The difference between standard and curvilinear ultrasound can be compared to that of a photo taken with a regular lens in contrast to one taken with a wide-angle lens. This approach is fast replacing even arthroscopic surgery as the best means of diagnosing stifle injuries.
Using arthroscopy to diagnose and repair a joint injury, a surgeon inserts a small scope or camera through an incision into the joint, which enables him or her to view and manipulate surgical instruments inserted through another small hole in the joint. But the size of the equine stifle and the curved bones and deep recesses make some areas unreachable even with this specialized technique.
Alison Morton, D.V.M., M.S., assistant professor and board-certified veterinary surgeon at the University of Florida, is one of the veterinarians making use of these new imaging techniques.

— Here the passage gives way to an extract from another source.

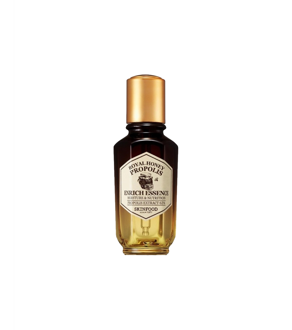 L'essence pour le visage SKINFOOD Royal Honey Propolis Enrich de SKINFOOD est une essence hautement concentrée formulée avec un puissant mélange de 63 % d'extrait de propolis d'abeille noire, 10 % de miel royal et 10 % de gelée royale.

"The curvilinear probe has made it far easier to see some meniscal injuries and to follow subtle shape and surface changes that can give an indication of injury or of repair and healing," Morton said. She added that the curvilinear probe is especially useful in lameness cases where the stifle injury might not cause much swelling and the horse's performance problems may be minimal. These horses typically improve with localized anesthesia of the stifle joint, but they have no radiographic changes in the joint. In these cases, the clinician might suspect a stifle injury but cannot locate a specific problem. Often these horses are rested for a short while and then returned to work only to aggravate their injury or cause more extensive damage.
Morton suggested that once the diagnosis of a meniscal tear or other ligamentous injury to the stifle is made, use of the curvilinear ultrasound could allow the clinician to treat and monitor a stifle injury in the same manner as other types of ligament injuries using standard ultrasound.
Returning a horse with a suspensory ligament tear to work too soon can be disastrous; the same applies to damage of the soft tissues of the stifle joint.
"Meniscal injuries heal even slower than regular tendon or ligament injuries because the fibrocartilage has very little blood supply," Morton cautioned. She suggested a diligent rehabilitation program of rest, anti-inflammatory therapy, hand walking, and medication to protect the joint from further injury. Periodic follow-up ultrasound evaluations are crucial.
As more veterinarians become proficient at ultrasound of the stifle joint, horsemen can expect more subtle meniscal and ligamentous injuries to be diagnosed. Proficiency in imaging the stifle is not an easily acquired skill, however, because it requires advanced ultrasonography skills, a good knowledge of the relevant anatomy, and practice.
Morton and Allen encourage all equine practitioners to scan the stifles if there is a reason to suspect their involvement in hind-limb lameness. Finding and treating these problems at an early stage may prevent more serious problems and breakdowns in horses that otherwise might have been put back to work too soon.
"It is now commonly thought that we have been under-diagnosing meniscal and other stifle injuries," Morton said. "Over the past five years, the increased use of ultrasound has found more of these horses, but there are still lesions that get missed because some veterinarians are not looking for them."
Kenneth L. Marcella, D.V.M., is a practicing veterinarian in Canton, Georgia.